Although {MESON} is capable of some fairly non-obvious pieces of first-order
reasoning, and will handle equality adequately, it does purely logical
reasoning. It will exploit no special properties of the constants in the goal,
other than equality and logical primitives. Any properties that are needed must
be supplied explicitly in the theorem list, e.g. {LE_REFL} to tell it that {<=}
on natural numbers is reflexive, or {REAL_ADD_SYM} to tell it that addition on
real numbers is symmetric.
\FAILURE
Will fail if the term is not provable, but not necessarily in a feasible amount
of time.
\EXAMPLE
A typical application is to prove some elementary logical lemma for use inside
a tactic proof:
{
# MESON[] `!P. P F /\ P T ==> !x. P x`;;
...
val it : thm = |- !P. P F /\ P T ==> (!x. P x)
}
To prove the following lemma, we need to provide the key property of real
negation:
{
# MESON[REAL_NEG_NEG] `(!x. P(--x)) ==> !x:real. P x`;;
...
val it : thm = |- (!x. P (--x)) ==> (!x. P x)
}
\noindent If the lemma is not supplied, {MESON} will fail:
{
# MESON[] `(!x. P(--x)) ==> !x:real.
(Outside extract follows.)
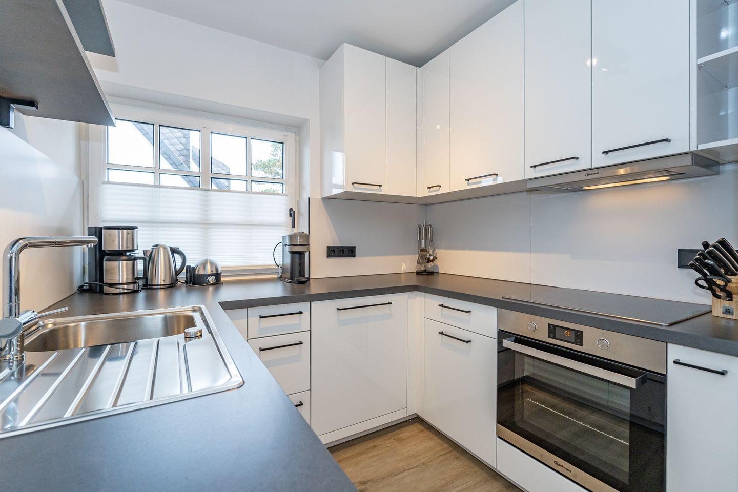Sie bietet Platz für bis zu 3 Personen. Die ca. 65 qm Wohnfläche verteilen sich auf zwei Ebenen. Im EG befinden sich die offen gestaltete Küche mit angrenzendem Essbereich und das gemütliche Wohnzimmer. Im Wohnzimmer steht Ihnen ein Flachbildfernseher zur Verfügung. Die Ausstattung (Backofen, Spülmaschine, Cerankochfeld, Kaffeemaschine, Nespresso Maschine, Toaster, Wasserkocher) der hochwertigen Küche lässt keine Wünsche offen. Vom Wohnzimmer gelangt man auf die Terrasse mit Strandkorb und Gartenmöbeln, die zum Verweilen einlädt. Im Souterrain befinden sich ein Schlafzimmer mit Einzelbett (90 x 200 cm) und TV, ein Schlafzimmer mit Doppelbett und TV, ein Gäste-WC und das Bad mit bodentiefer Dusche und WC.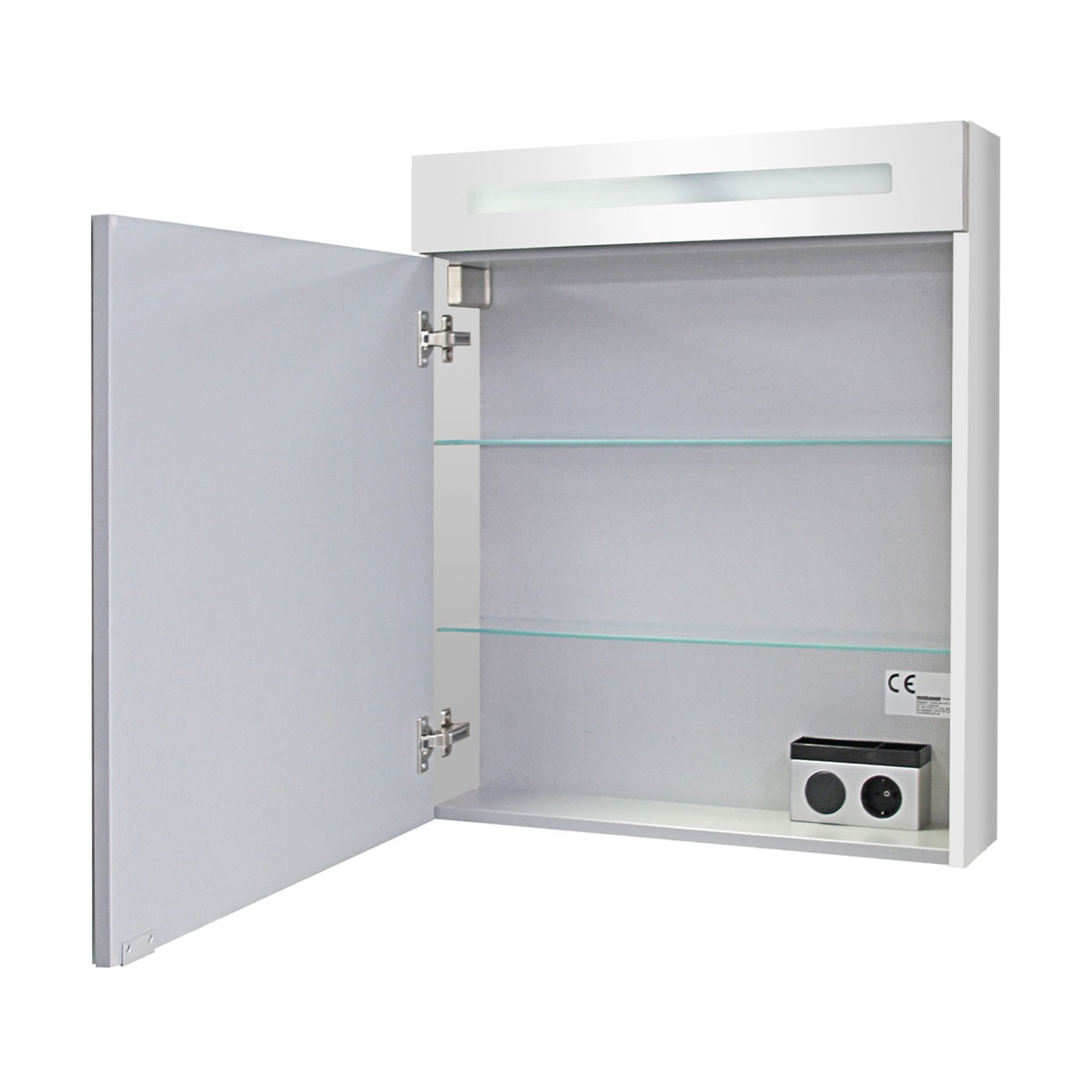 - Ausstattung: energiesparende LED-Beleuchtung (4,8W), 1 Tür mit gedämpften Scharnieren, 2 Glaseinlegeböden, E-Box mit Steckdose und Schalter

P x`;;
...
Exception: Failure "solve_goal: Too deep".
}
{MESON} is also capable of proving less straightforward results; see the
documentation for {MESON_TAC} to find more examples.
\USES
Generating simple logical lemmas as part of a large proof.
\SEEALSO
ASM_MESON_TAC, GEN_MESON_TAC, MESON_TAC.